Ces attaques, notamment contre l'aspect "blasphématoire" d'une œuvre, repose sur un arsenal juridique qui ne cesse d'évoluer

Le directeur d’un théâtre limogé après un spectacle « blasphématoire », un film occidental interdit pour « insulte aux Russes », une école de danse fermée après un spectacle « indécent »: la culture en Russie est dans le collimateur du pouvoir et de l’Eglise orthodoxe, tenants d’un retour à l’ordre moral.

Ces attaques portées à la culture rencontrent souvent l’assentiment d’une société travaillée par les valeurs conservatrices et anti-occidentales prônées par le Kremlin sur fond d’isolement croissant du pays après plus d’un an de crise en Ukraine.

Depuis l’irruption en 1999 sur le devant de la scène politique de Vladimir Poutine, le pays a déjà connu plusieurs reprises en mains: les médias d’abord, puis le monde des affaires et de l’opposition politique, ainsi que les ONG de défense des droits de l’Homme. Désormais, c’est le domaine culturel qui semble visé. Et les autorités ont un plan.

« L’heure est venue de formuler notre propre vision de nous-mêmes, héritiers de la civilisation russe, grande et unique », a ainsi déclaré le ministre de la Culture Vladimir Medinski pour expliquer l’interdiction en Russie d’un thriller américain, « Enfant 44 », tiré d’un roman sur un tueur en série sévissant dans l’Union soviétique de Staline.

Ce film, où jouent notamment Vincent Cassel et Gary Oldman, présente des « êtres humains déficients » et déforme l’Histoire, a fustigé le ministre qui dit se dresser contre « ces clichés sauvages » destinés à écraser les Russes.

Auparavant, c’est le directeur du théâtre de Novossibirsk, en Sibérie, qui avait été limogé après la représentation d’une version de « Tannhäuser », un opéra de Richard Wagner, faisant de Jésus-Christ le personnage d’un film érotique.
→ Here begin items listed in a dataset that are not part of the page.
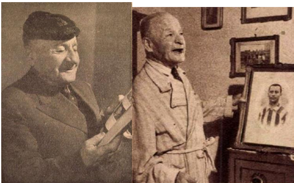
Labdarúgás 1959. 2. számában
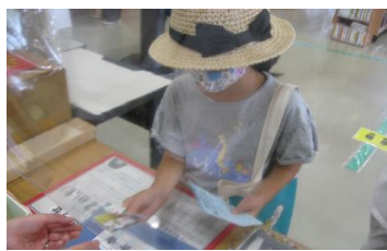
7/17～8/31 夏の子ども読書スタンプラリー 【穂波図書館】
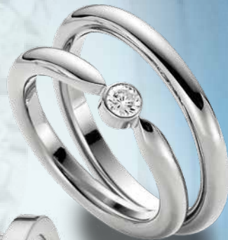
23 | BR 567 585 Weißgold
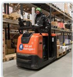
2018 Hydrogenprosjektet ASKO Midt-Norge
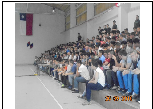
IMG. N° 001 Reinserción Social: Subprograma Deporte, Recreación, Arte y Cultura, EP. Santiago 1

Comentario: El día lunes 26-09-16 se realizó evento cultural "Armadillo", con la asistencia de los módulos 35 y 36; lo cual implica la participación de 272 imputados.
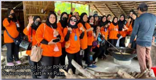
Lawatan sambil belajar PPWS Perkumpulan Gartak ke Pusa
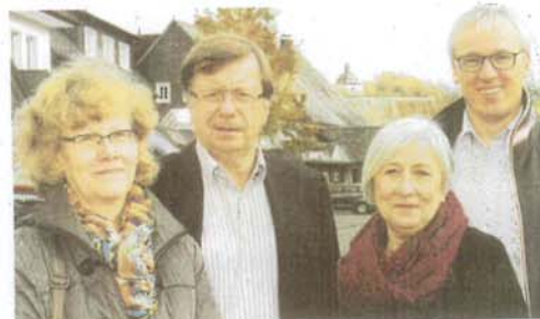
Das Führungsquartett der Dorfgemeinschaft Oberveischede
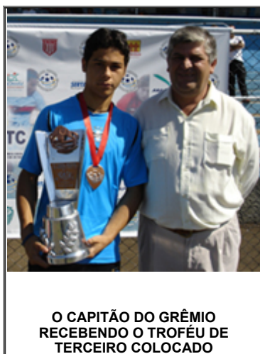
O CAPITÃO DO GRÊMIO RECEBENDO O TROFÉU DE TERCEIRO COLOCADO

A decisão de terceiro e quarto colocados acabou não acontecendo em função do pedido do Flamengo junto a organização. O motivo foi problemas clínicos com uma atleta, antecipando o retorno da equipe ao Rio de Janeiro.
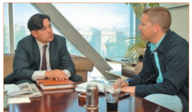
Un momento de la entrevista con 'Gente'

una solución. Habilitó un procedimiento por el cual el gerente o el concejal tienen la posibilidad de solucionar un problema que afecta al vecino. Directamente pueden invocar al delegado del área y en un plazo de 24 horas tener una contestación de si se actúa y cómo, y si no, el por qué. De esta manera, he conseguido avances notables", concluye.
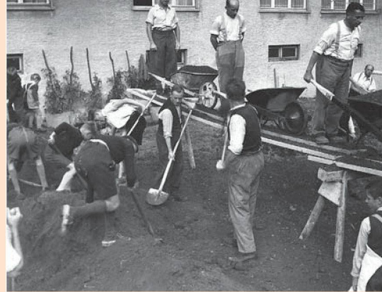
Mit anpacken war Ehrensache in der Genossenschaftsiedlung. Die Aufnahme stammt aus der «Anbauschlacht» während des Zweiten Weltkriegs.

Ich musste einiges einsacken, nicht nur von Frauen, auch von Männern. Alles, was bei mir nicht nach dem gewohnten Schema abgehalten wurde, forderte ihre Kritik heraus, die sie bei meinem Mann platzierten, und er übermittelte mir die Stimme des Volkes, was sehr lehrreich für mich war. Sachte bekam ich eine Ahnung davon, wie sehr
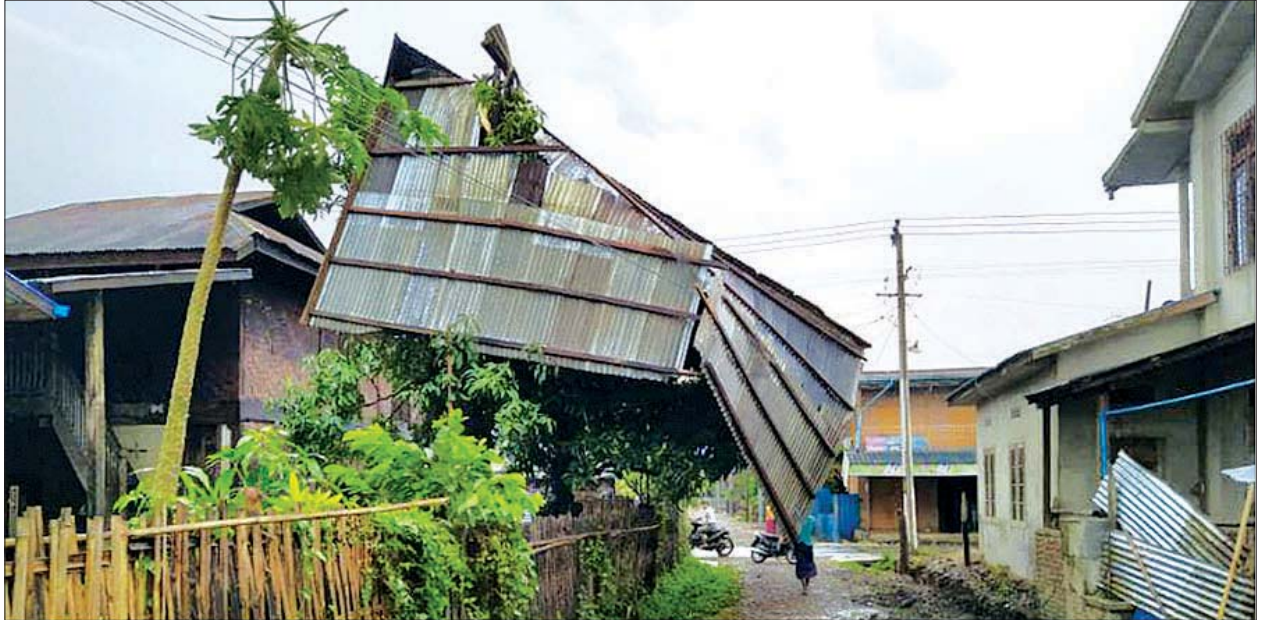
ရှမ်းပြည်နယ် မိုင်းခတ်မြို့နယ်တွင် လေပြင်းတိုက်ခတ်မှုကြောင့် နေအိမ်များပျက်စီးနေမှုကို တွေ့ရစဉ်။

မြန်မာနိုင်ငံအနေဖြင့် မိုးကြိုကာလများဖြစ်သော မတ်၊ ဧပြီနှင့် မေလများ အတွင်း လေပြင်းတိုက်ခတ်ခြင်း၊ မိုးတိမ်တောင်များဖြစ်ပေါ်ခြင်း၊ မိုးကြိုးပစ်ခြင်း၊ မိုးသီးကြွေခြင်းများ ဖြစ်ပေါ်လေ့ရှိပြီး ယခုနှစ်တွင်လည်း လေပြင်းတိုက်ခတ်မှုများ စတင်ဖြစ်ပွားလျက်ရှိရာ ဧပြီ ၁၇ ရက်က ဧရာဝတီတိုင်းဒေသကြီး ကြိုခင်းမြို့နယ်၌ နေအိမ် ခုနစ်လုံး ပြိုကျပျက်စီး၍ နေအိမ် ၉၆ လုံးနှင့် ဘုန်းကြီးကျောင်း တစ်ကျောင်း အမိုးအကာလန်ပျက်စီးခြင်း၊ စစ်ကိုင်းတိုင်းဒေသကြီး ရေဦးမြို့နယ်၌ နေအိမ် ၂၁ လုံး၊ အရာတော်မြို့နယ်တွင် နေအိမ် သုံးလုံး စုစုပေါင်း နေအိမ် ၂၄ လုံး အမိုးအကာလန် ပျက်စီးခြင်း၊ ရှမ်းပြည်နယ် မိုင်းခတ်မြို့နယ်တွင် နေအိမ်လေးလုံး၊ ဖယ်ခုံမြို့နယ်တွင် နေအိမ် တစ်လုံး စုစုပေါင်း နေအိမ် ၁၆ လုံး
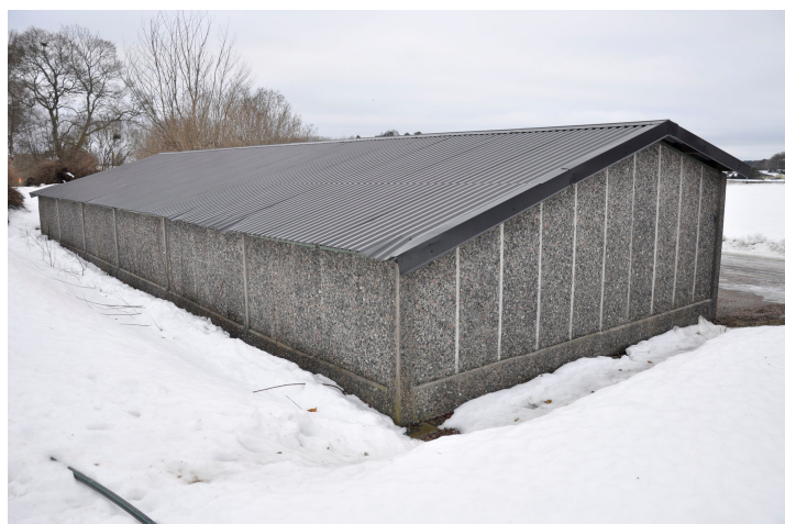
Bild 26. Garaget från nordost. Bildnr Vlm_kmvMM-238
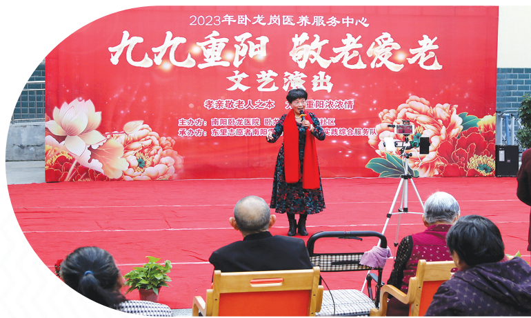
卧龙区卧龙岗街道汉画社区和南阳卧龙医院联合举办文艺演出活动。
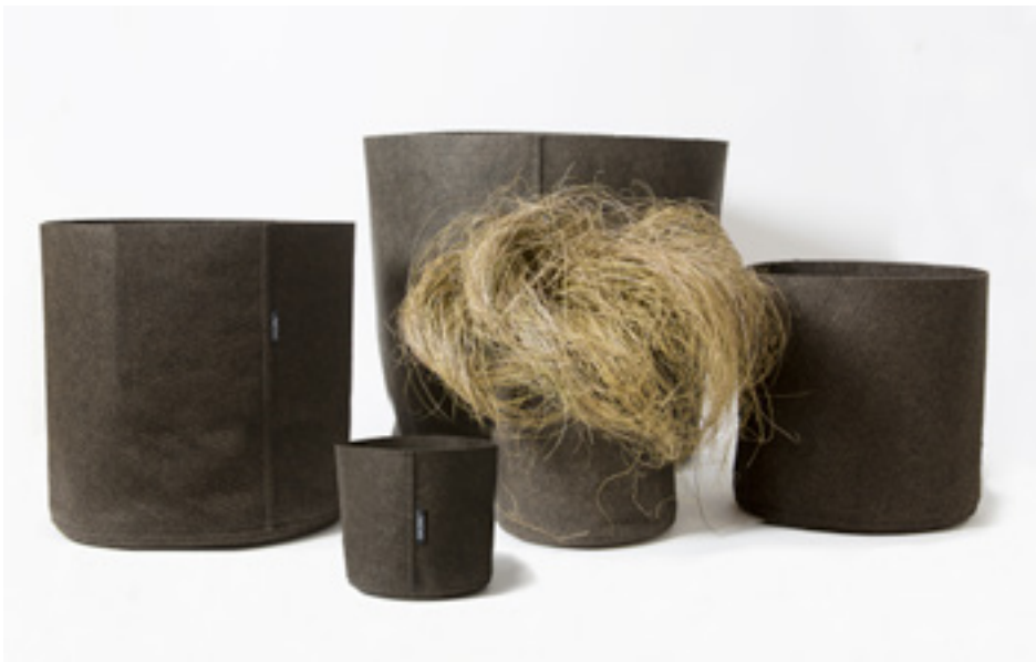
Collection de bacs «Humus»

POT 3L - h: 15 / diam: 15 : 16€ POT 10L - h: 23 / diam: 23 : 22€ POT 25L - h: 32 / diam: 32 : 31€ POT 50L - h: 40 / diam: 40 : 45€ POT 100L - h: 50 / diam: 50 : 59€

L’opéra avait déclenché la colère de l’Église orthodoxe et de spectateurs.

Dans le même temps, l’auteur d’une fresque murale à Perm (Oural), représentant une crucifixion du premier homme dans l’espace, Iouri Gagarine, en « Jésus de la science », risque jusqu’à un an de prison. Et dans l’enclave russe de Kaliningrad, une exposition du photographe canadien Frank Rodick, dont des portraits de sa mère morte, a également provoqué un scandale, le Patriarcat régional appelant à fixer « des limites au supportable dans l’art ».

Dans un tout autre genre, trois adolescentes filmées devant un monument de la Seconde Guerre mondiale alors qu’elles faisaient du « twerking », cette danse provocante en vogue sur les réseaux sociaux, ont été condamnées à des peines allant jusqu’à 15 jours de prison. Et leur école de danse de Novorossiïsk, sur les bords de la mer Noire, fait l’objet de « vérifications » de la justice.

Censure et auto-censure

Les attaques, notamment contre l’aspect « blasphématoire » d’une œuvre, s’appuient sur l’arsenal juridique. En juillet 2013, les députés ont en effet adopté une loi instituant le délit d' »offense aux sentiments religieux des croyants ». De facto, la Russie faisait du blasphème un délit punissable d’une peine allant jusqu’à trois ans de prison. Et si en 2013, les autorités ont dû vérifier une dizaine de cas d’offense, en 2014, le chiffre est monté à environ une cinquantaine.

Pour le cinéaste Sergueï Selianov, notamment producteur de dessins animés inspirés du folklore russe, cette nouvelle « censure veut combler le vide laissé par l’ancienne idée nationale enterrée en même temps que l’URSS ».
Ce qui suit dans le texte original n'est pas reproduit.